**Required action:** The expected result is an exact restatement of the data, free of pictures.

Dataset extract section start

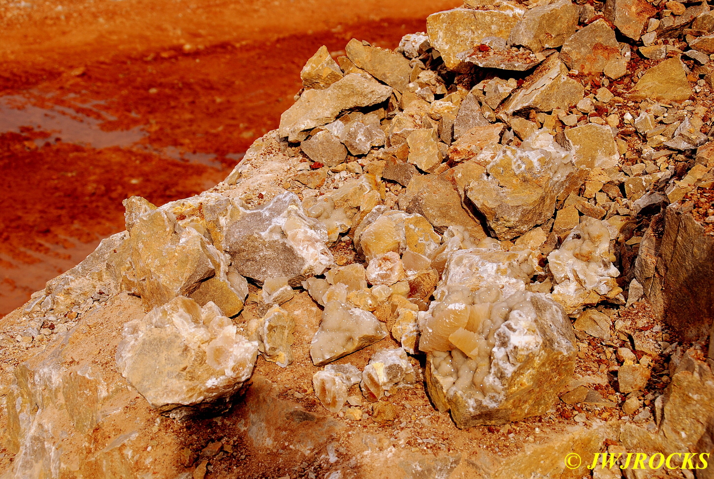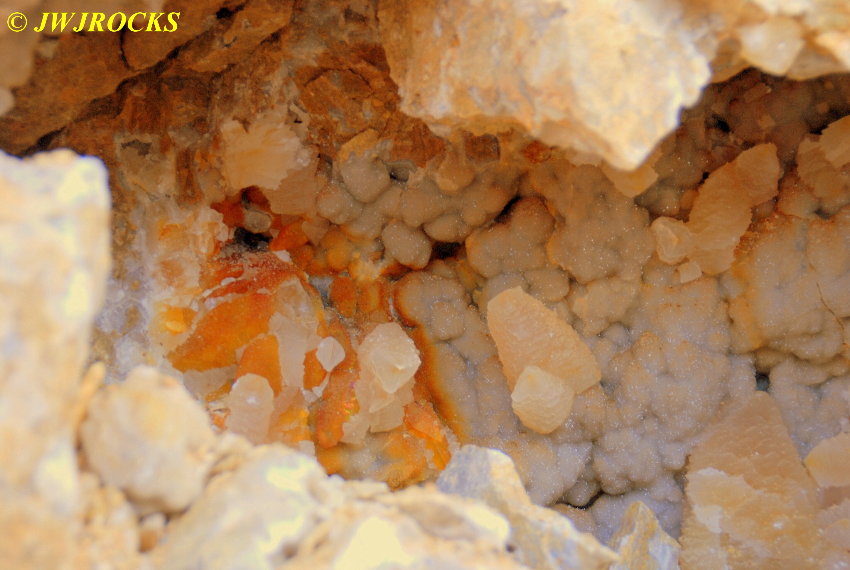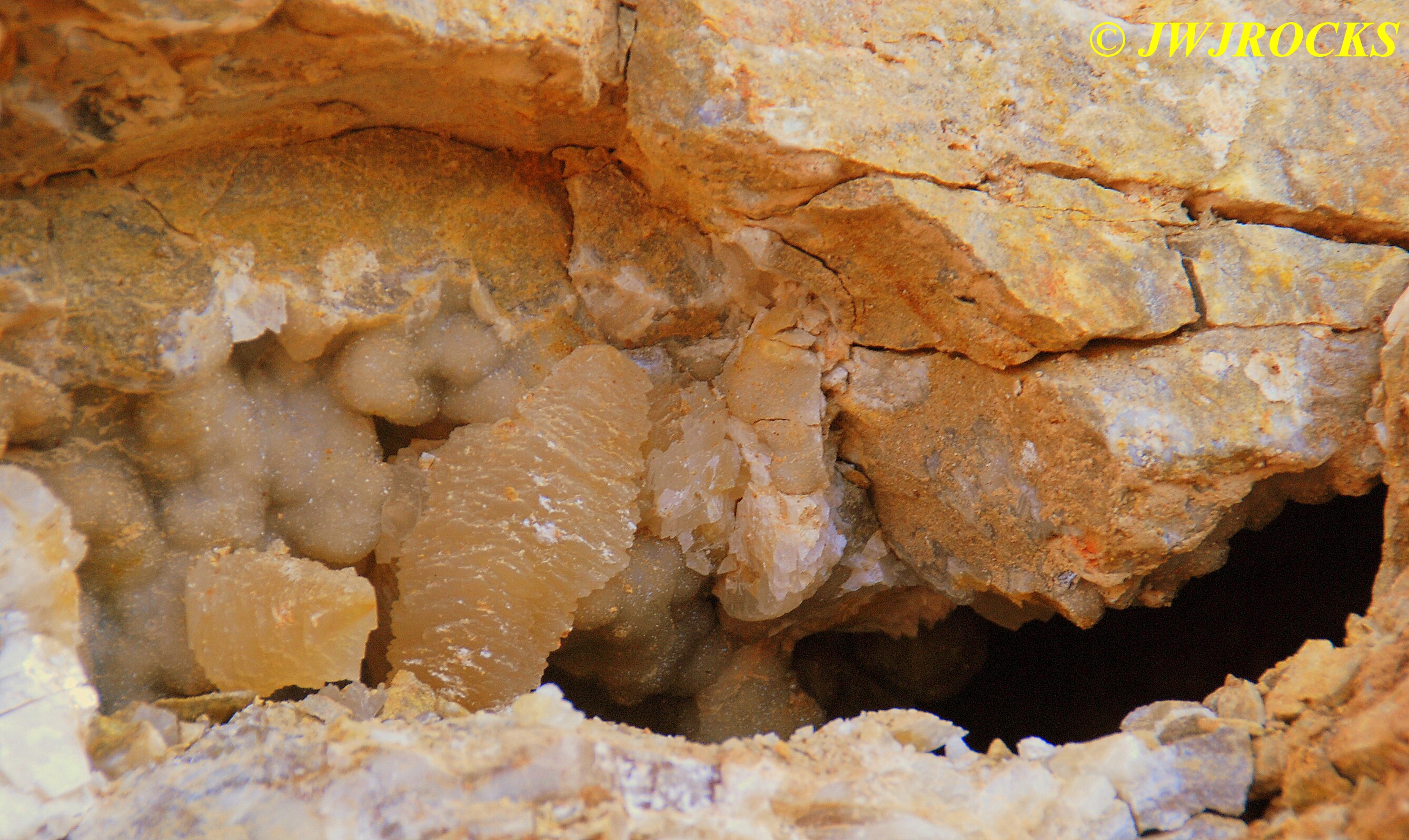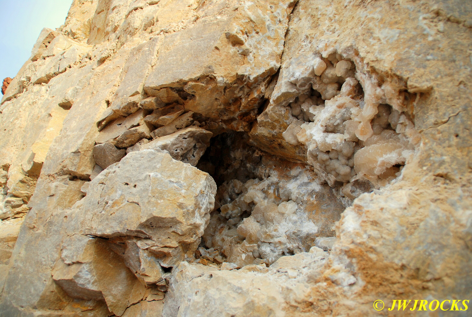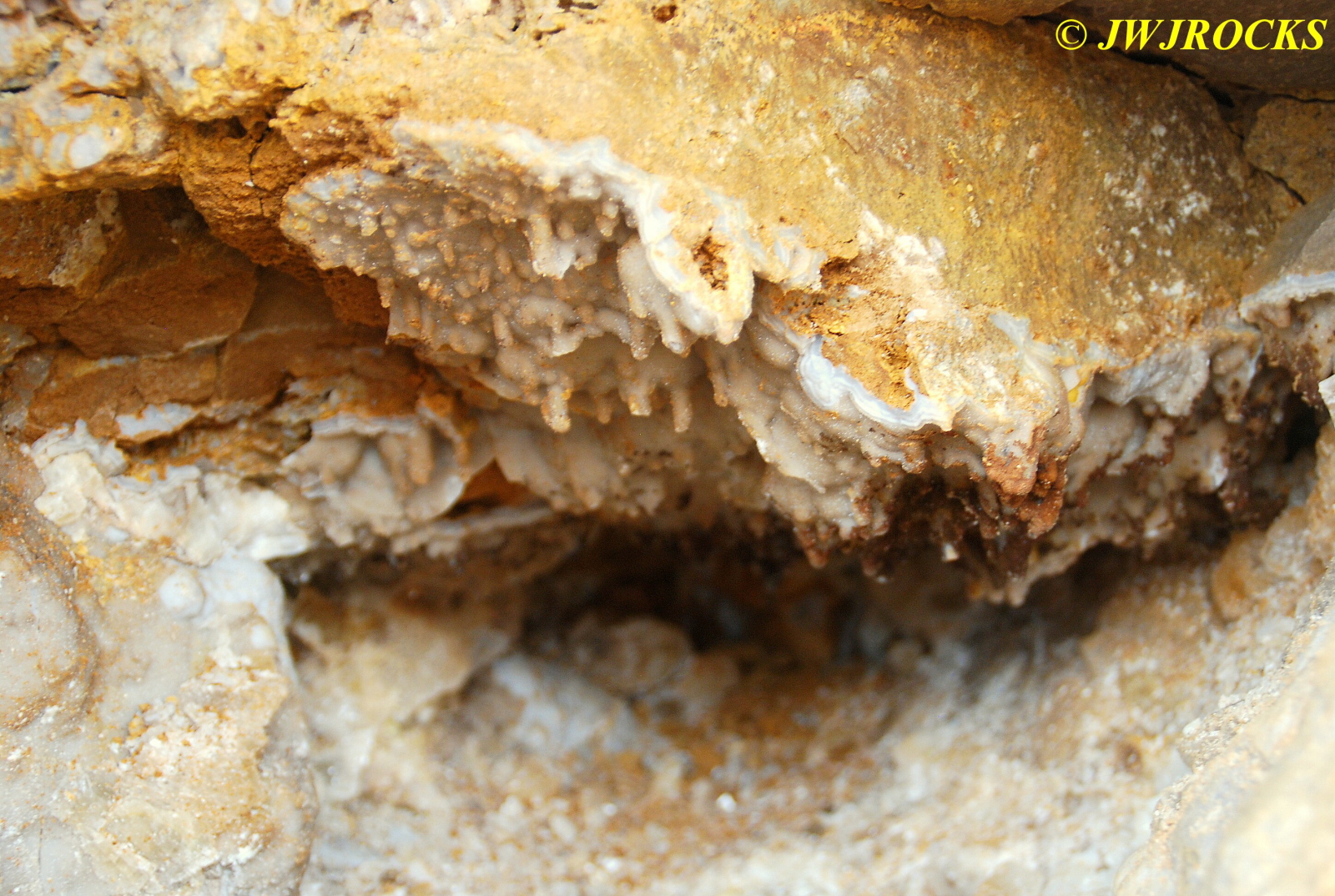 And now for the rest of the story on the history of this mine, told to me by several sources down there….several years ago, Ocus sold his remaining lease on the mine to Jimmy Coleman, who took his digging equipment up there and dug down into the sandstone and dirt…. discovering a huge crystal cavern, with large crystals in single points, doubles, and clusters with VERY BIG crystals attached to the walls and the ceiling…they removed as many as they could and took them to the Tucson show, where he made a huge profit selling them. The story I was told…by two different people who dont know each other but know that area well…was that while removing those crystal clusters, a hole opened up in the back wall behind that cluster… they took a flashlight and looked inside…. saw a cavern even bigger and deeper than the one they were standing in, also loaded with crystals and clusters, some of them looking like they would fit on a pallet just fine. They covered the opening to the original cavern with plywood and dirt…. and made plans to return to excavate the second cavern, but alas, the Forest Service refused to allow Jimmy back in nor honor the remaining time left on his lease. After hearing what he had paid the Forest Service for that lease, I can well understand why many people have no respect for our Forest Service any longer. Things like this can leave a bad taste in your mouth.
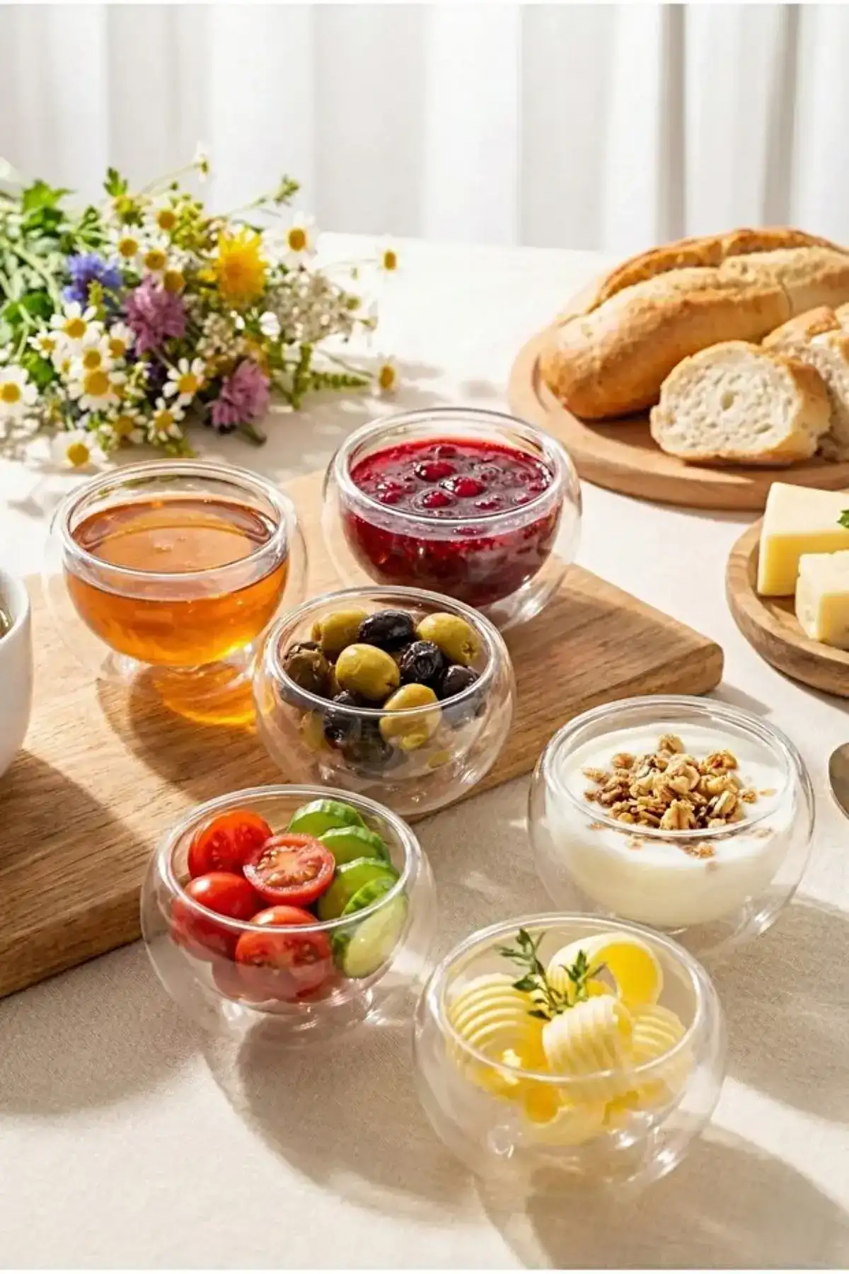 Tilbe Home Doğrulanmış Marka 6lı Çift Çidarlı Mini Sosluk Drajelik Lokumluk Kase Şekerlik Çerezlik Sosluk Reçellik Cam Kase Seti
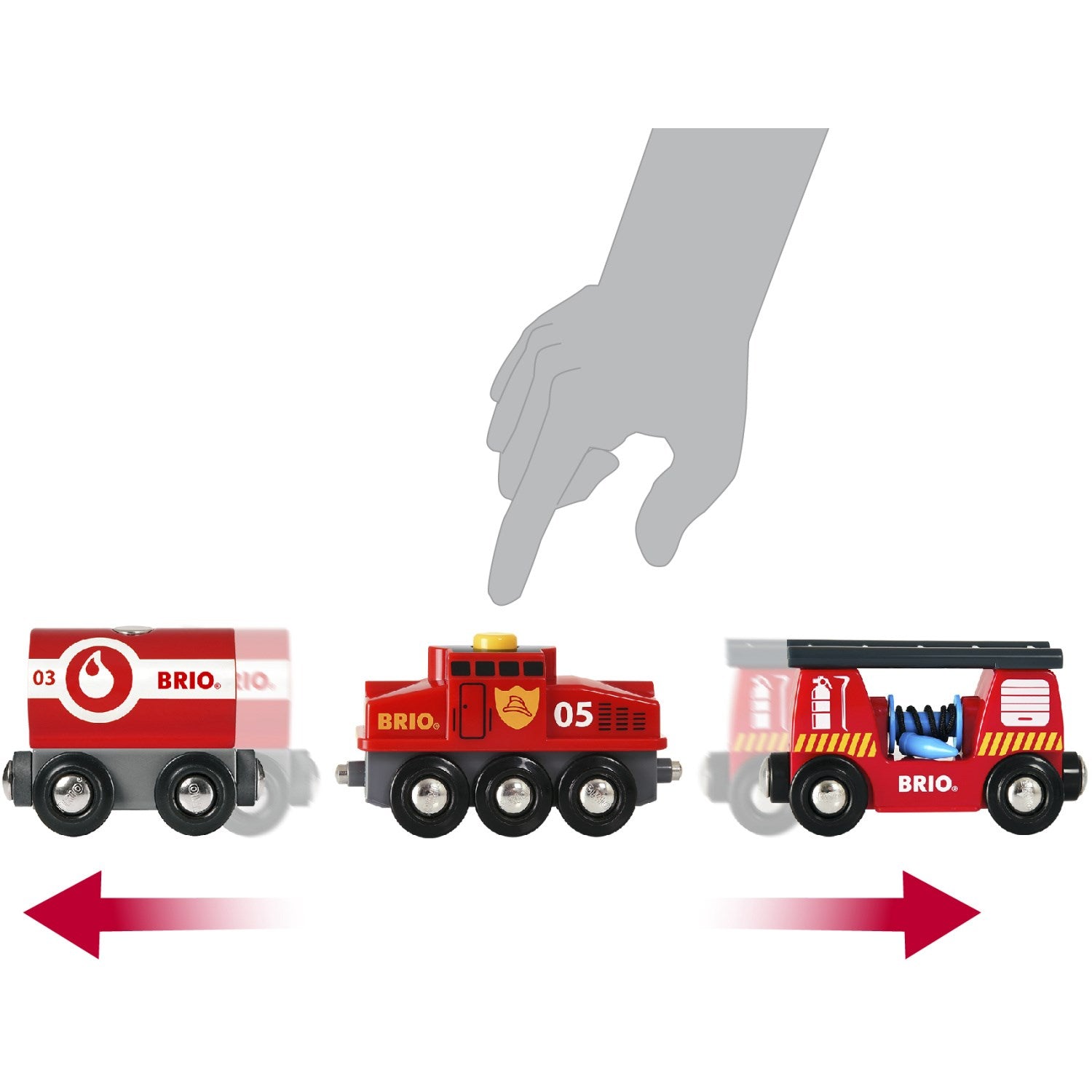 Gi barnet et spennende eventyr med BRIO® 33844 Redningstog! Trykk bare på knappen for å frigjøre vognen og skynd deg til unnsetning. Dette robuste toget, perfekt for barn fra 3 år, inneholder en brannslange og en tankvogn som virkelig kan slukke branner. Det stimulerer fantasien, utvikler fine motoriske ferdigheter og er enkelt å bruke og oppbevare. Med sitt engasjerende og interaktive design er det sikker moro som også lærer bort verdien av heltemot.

Dataset extract section end

**Problem solution:**
 And now for the rest of the story on the history of this mine, told to me by several sources down there….several years ago, Ocus sold his remaining lease on the mine to Jimmy Coleman, who took his digging equipment up there and dug down into the sandstone and dirt…. discovering a huge crystal cavern, with large crystals in single points, doubles, and clusters with VERY BIG crystals attached to the walls and the ceiling…they removed as many as they could and took them to the Tucson show, where he made a huge profit selling them. The story I was told…by two different people who dont know each other but know that area well…was that while removing those crystal clusters, a hole opened up in the back wall behind that cluster… they took a flashlight and looked inside…. saw a cavern even bigger and deeper than the one they were standing in, also loaded with crystals and clusters, some of them looking like they would fit on a pallet just fine. They covered the opening to the original cavern with plywood and dirt…. and made plans to return to excavate the second cavern, but alas, the Forest Service refused to allow Jimmy back in nor honor the remaining time left on his lease. After hearing what he had paid the Forest Service for that lease, I can well understand why many people have no respect for our Forest Service any longer. Things like this can leave a bad taste in your mouth.
 Tilbe Home Doğrulanmış Marka 6lı Çift Çidarlı Mini Sosluk Drajelik Lokumluk Kase Şekerlik Çerezlik Sosluk Reçellik Cam Kase Seti
 Gi barnet et spennende eventyr med BRIO® 33844 Redningstog! Trykk bare på knappen for å frigjøre vognen og skynd deg til unnsetning. Dette robuste toget, perfekt for barn fra 3 år, inneholder en brannslange og en tankvogn som virkelig kan slukke branner. Det stimulerer fantasien, utvikler fine motoriske ferdigheter og er enkelt å bruke og oppbevare. Med sitt engasjerende og interaktive design er det sikker moro som også lærer bort verdien av heltemot.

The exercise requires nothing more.